Return every line from the one with "然后我们进行测号,测号的步骤" through the one with "Zuren-en logen zijn", inclusive, exactly as it appears below.

*** Opening DATA LISTING ***

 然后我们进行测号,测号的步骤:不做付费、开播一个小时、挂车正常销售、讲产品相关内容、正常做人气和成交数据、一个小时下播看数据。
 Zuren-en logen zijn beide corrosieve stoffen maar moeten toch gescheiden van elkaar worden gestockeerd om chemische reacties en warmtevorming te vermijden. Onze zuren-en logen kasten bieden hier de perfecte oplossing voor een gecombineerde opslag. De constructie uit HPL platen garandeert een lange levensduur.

*** Closing DATA LISTING ***
*** Opening DATA LISTING ***

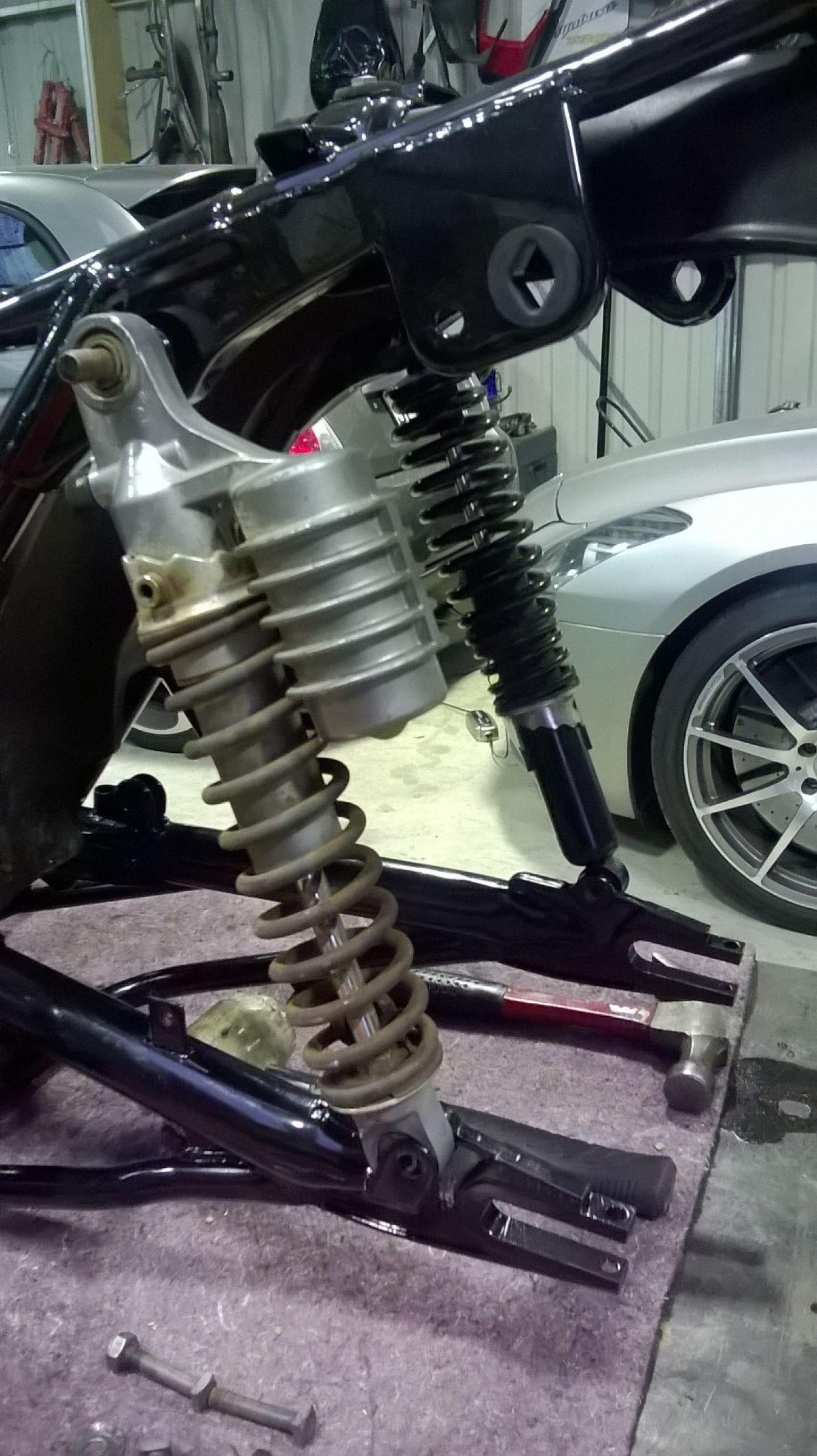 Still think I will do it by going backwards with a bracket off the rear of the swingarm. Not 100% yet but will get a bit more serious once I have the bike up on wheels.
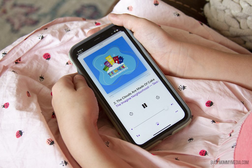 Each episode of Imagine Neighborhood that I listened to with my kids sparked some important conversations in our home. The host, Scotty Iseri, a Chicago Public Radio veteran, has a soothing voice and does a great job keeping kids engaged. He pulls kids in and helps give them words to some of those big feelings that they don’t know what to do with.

*** Closing DATA LISTING ***

• **ANSWER TO THE PROBLEM**:
 然后我们进行测号,测号的步骤:不做付费、开播一个小时、挂车正常销售、讲产品相关内容、正常做人气和成交数据、一个小时下播看数据。
 Zuren-en logen zijn beide corrosieve stoffen maar moeten toch gescheiden van elkaar worden gestockeerd om chemische reacties en warmtevorming te vermijden. Onze zuren-en logen kasten bieden hier de perfecte oplossing voor een gecombineerde opslag. De constructie uit HPL platen garandeert een lange levensduur.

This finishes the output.